With our lower body workout, we’re looking to target muscles mainly in the legs and bum, and there are a few ways we can activate these. When you see the leg workout on your programme, follow this workout.

What equipment will you need?
The Workout

Dumbbell squat

Grab your dumbbells, hold them by your sides, and ensure your palms face your legs. Keep your posture tall and your feet shoulder-width apart. Your stance should feel strong, and you should engage your core.  Bend your knees until you are in a squat position and then once you are at the bottom of the movement, drive back up to your original position. If this feels too easy, you can scale this up by making the weight heavier or adding a jump between reps.

12 reps x 3 sets

Dumbbell squat

Split squat

You’ll need a chair for this one. Grab your chair and stand about 2 feet away from it. Keeping yourself upright and balanced, place one leg behind you onto the chair so that the top side of your foot rests on the surface. From here, keeping your weight over your foot on the floor, squat down at a 90-degree angle. Repeat this for your reps, and then swap legs.

10 reps each side x 3 sets

Split squat

Banded squat and rear leg lift

Place your resistance band around your lower legs.

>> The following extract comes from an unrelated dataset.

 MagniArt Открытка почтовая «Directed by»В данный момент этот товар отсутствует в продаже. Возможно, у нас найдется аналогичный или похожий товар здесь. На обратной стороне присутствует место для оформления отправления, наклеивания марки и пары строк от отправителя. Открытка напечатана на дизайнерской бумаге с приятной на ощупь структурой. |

Start in a lowered bent knee position with your feet shoulder-width apart. From here, drive your feet to the floor and in an upright position. Swing one foot backwards and push against the resistance band. Repeat this on the same leg for the required reps, then switch to the other leg.

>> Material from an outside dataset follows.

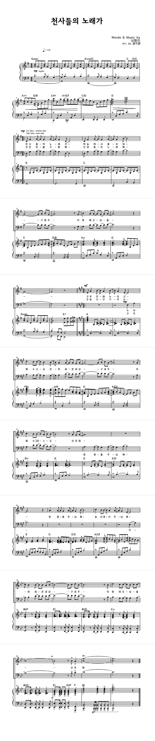 | 천사들의 노래가 | 성가 4부 + 피아노 반주 |

10 reps each side x 3 sets

Banded squat and rear leg lift

Banded squat side tap and jump

Keep your bands in position around your calves and shins. Stand in a loaded squat position with your feet around shoulder width apart. Tap your foot out to the side, feel the tension, and then bring your foot back to the starting position. Then jump upwards. Repeat this for the number of reps on your chosen side, and then repeat using your other leg.

10 reps each side x 3 sets

Banded squat side tap and jump

Calf raises

Stand on the bottom step of your stairs (or a slightly raised surface). Hold on to a surface to maintain your balance, and let your heels hang over the step. Drive your toes downwards and reposition to your starting point. Complete the required number of reps and repeat. If you want to make this slightly harder, you can increase the reps or try it one leg at a time.

15 reps x 3 sets

Calf raises

Jump squat

Stand with your feet shoulder-width apart, with your toes turned out slightly. Bend at your knees into a squat position and drive upwards to your original standing position, and jump. Try and keep the movement continuous and once you land, continue straight back down into the squat position, but make sure you do so in a controlled manner.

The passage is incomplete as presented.